We Are What We Believe
We’ve all heard the phrase, “you are what you eat”. Of course in so many ways this is true. What we eat becomes us. I’ve also heard it said that “we are what we don’t excrete”. This is also true, for physical nourishment as well as anything we ingest, even ideas. It is only what we absorb, take into ourselves, and hold on to, that becomes who we are. But the latest landing place for me in this conversation is that “we are what we believe”. In fact this is the topic of an upcoming radio talk show Sarah and I will be doing this week with nutritionist Tammra Green.
Our thoughts and beliefs are so powerful really. I see it all the time with clients and friends. See if you relate to these examples…
You believe food is the only area of your life you can say “yes” to yourself, feeling like your life is too full of “no’s” and “have to’s”, thinking to yourself you have no say in what you want. Yet, when you eat with this attitude you end up feeling like you have even less of a say in having what you want than before you ate that extra portion!
You eat the birthday cake because you think if you don’t you’re being a bad friend! In that moment you may end up being the worst friend to yourself when that cake leaves you feeling bloated and crashed on sugar!
You fear failing another weight-loss attempt believing you just know you won’t succeed, so you give up on it entirely only to produce certain failure to realize your desire.
You believe it is not okay or safe or possible to be a sexy, sensual woman and proceed to hide yourself in a body and wardrobe that strips you of any sense of feminity, sexiness, and sensuality.
You believe that the way you eat is shameful. You sneak and hide, believing you are unlovable, and in the hiding and shutting others out you are robbed of letting in the love you most desire. You withhold self-love, compassion and forgiveness creating the very relationship with yourself you’d hoped to escape.

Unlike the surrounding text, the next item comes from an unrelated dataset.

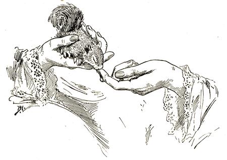 That was naughty, and he knew it; and his lady slapped him a little, and said, “No, no, Mitchell!” very crossly, and he jumped away, his tail all fluffy, and ran as fast as he could and tucked[197] his head up her sleeve as far as he could get it.

So many people believe they can’t have what they really want. They settle for whatever’s on the “menu” instead of finding another “restaurant”, and sure enough they are unsatisfied; it is in fact not what they wanted.
Do you recognize yourself in any of these examples?
This is the self-fulfilling prophecy. We cling to our thoughts, unaware of how much they run the show, creating the exact reality we wish to avoid. We get to be right though, no matter how painful, uncomfortable, unsatisfying, disappointing or disempowering it may feel. What a price to pay to be right!
I believe there is a huge amount of power in starting to hear our thoughts; to listen to what we tell ourselves and how we limit what is possible. I invite you to begin challenging your own old and tired small-mindedness. It all starts with beginning to hear what you’re thinking. What does your mind tell you about food, about yourself? Isn’t it time to expose and challenge this old thinking and find bigger beliefs, ones that support you to achieve your goals and manifest your vision to live in a body you love? Einstein said it best, “we can’t solve problems with the same kind of thinking we used when we created them.” Maybe if we watch what we think and believe as much as what we eat, we’d be onto something!